Around the League '16-'17 Other Teams' Free Agent Frenzy

Status
Not open for further replies.
It does sound silly, and I know Chicago is in a bad cap situation, but its not like Hosa was an over the hill player with a bad cap hit that they desperately needed to get off the books. The guy was one of their best players. I don't think they would make up the rash thing to simply get him off the books.

He's making a million in each of the last 4 years of his contract. This was always the plan. Hossa just happened to get this rash, or it became a big deal, in the first year of the last 4 years of his contract? Same as Zetterberg. He's already said he's probably going to retire after next year, just as his salary drops to $1m for 2 years. Those contracts were signed when you could do that, so you can only hold teams and players to a standard for so long. Entirely possible Hossa has been playing with the rash for decades, and only planned on playing until he was 38. Those last 4 years were thrown on there to keep the cap hit low.

Hossa's made most of his money. He's played a lot of games. The equivalent of 16 years, plus another 2.5 of playoff hockey. He goes on LTIR, and he still gets that peasant's salary for this year, and each of the next 3 years. If his salary was $4m again like last year, does he say he can't play? The world will never know.
 
It makes me wonder about Jeff Carter.

Starting in 2019 he'll be getting paid 3M. Then 2M in each of the following years.

Is he really going to play for that little? Is it worth it to him to put in full effort when only getting paid that much?
 
The part that needs to be fixed is the retirement part. If they can't play again they retire especially on the 35+ contracts.
There's really no big deal even trading them while on it. But there should be an expectation they'll maybe return.
My biggest example is Pronger. Working for the league while collecting a players salary. The should be circumvention.

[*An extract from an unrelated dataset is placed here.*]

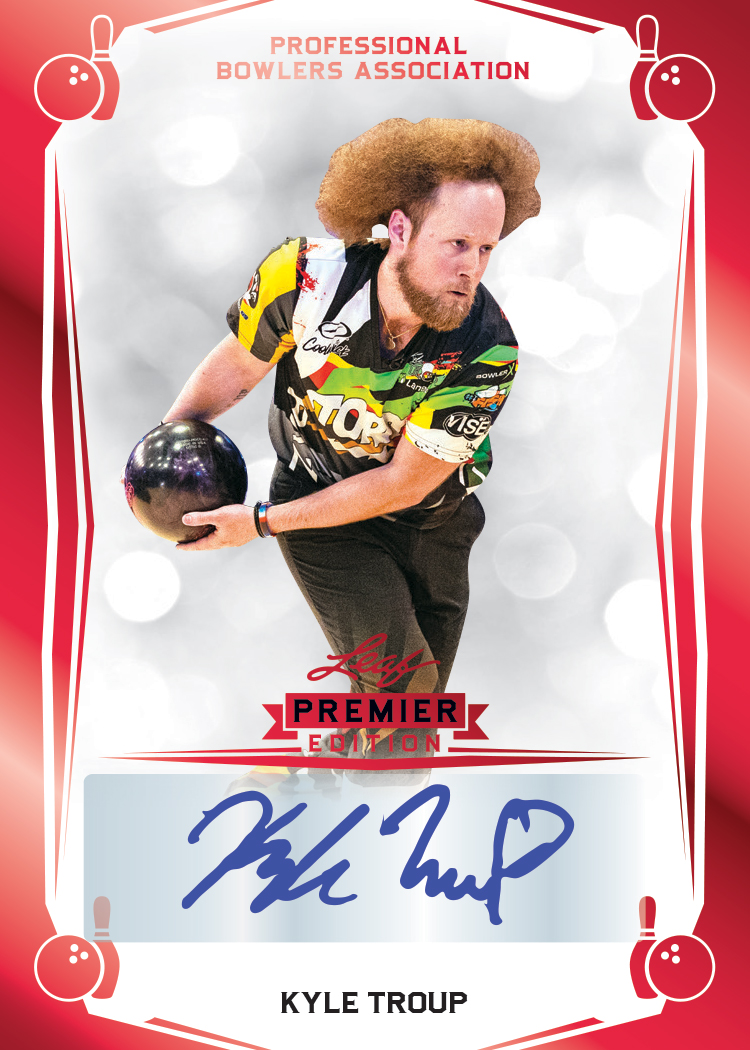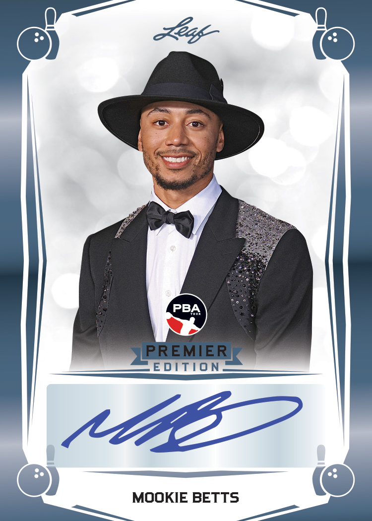 Leaf is proud to present their first ever Officially Licensed Professional Bowler Association (PBA) trading card set! 2023 Leaf PBA Premier Edition brings you the top bowlers and some of the biggest names to ever play the sport. Leaf PBA Premier Edition will showcase some of the first ever trading cards of today's top bowlers along with their first ever autographed cards. Be on the lookout for the extremely rare PBA Kings and PBA All-Time Kings Autograph cards featuring current greats such as Jason Belmonte and past legends such as Pete Weber and Walter Ray Williams Jr. Collectors will also be able to find autographs featuring superstar athletes from other sports including Mookie Betts, Jerome Bettis and more! Collectors will find a variety of Rookie Cards, Numbered Foil Parallels and Autograph Cards in 2023 Leaf PBA Premier Edition. Each Box will include 3 Base Cards, 1 Base Parallel Card #'d to 25 or less, and 3 Autograph Cards including at least 1 Autograph Foil Color Parallel limited to 49 or less!

And the Flyers saved 5 mil a year in cap space, then were able to trade him to a team who had cap space.
 
It makes me wonder about Jeff Carter.

Starting in 2019 he'll be getting paid 3M. Then 2M in each of the following years.

Is he really going to play for that little? Is it worth it to him to put in full effort when only getting paid that much?

Front loaded contracts tend to do that. By then he'd have already made 51 mil of the 58 mil contract. Crosbys contract goes from 9 mil to 3 mil in 5 years.
 
And the Flyers saved 5 mil a year in cap space, then were able to trade him to a team who had cap space.

I am good with the LTIR cap savings and the ability to trade it.

I am pro anything that helps facilitates more trades in the league and if you take the ability to do this away then we will lose some trades.
 
It makes me wonder about Jeff Carter.

Starting in 2019 he'll be getting paid 3M. Then 2M in each of the following years.

Is he really going to play for that little? Is it worth it to him to put in full effort when only getting paid that much?

It's possible. Carter is still on the younger side though, in terms of old guys. 33 by the end of the year. 37 when his contract is completely done. Quick is in the same boat. Hossa, Zetterberg, they're already 38 years old when their salaries drop like a rock. Sort of similar, but a little different.

Then, of course, who knows what happens and when with the CBA.
 
Speaking of which I don't know if I'm the only one, but I have a sick feeling quick is gonna have a bad year. Oi.
 
Yikes, Brian Boyle of the Devils diagnosed with leukemia.

Apparently, they caught it early and he expects it won't affect his playing time.

Best of luck to him, good guy.


Elliotte Friedman‏Verified account @FriedgeHNIC 14h14 hours ago

NJ announce Brian Boyle was diagnosed with CML -- a type of cancer of the bone marrow treatable with medication. Says it was caught early.
 
Hopefully the players adjust.

The League said it would be cracking down on stick fouls.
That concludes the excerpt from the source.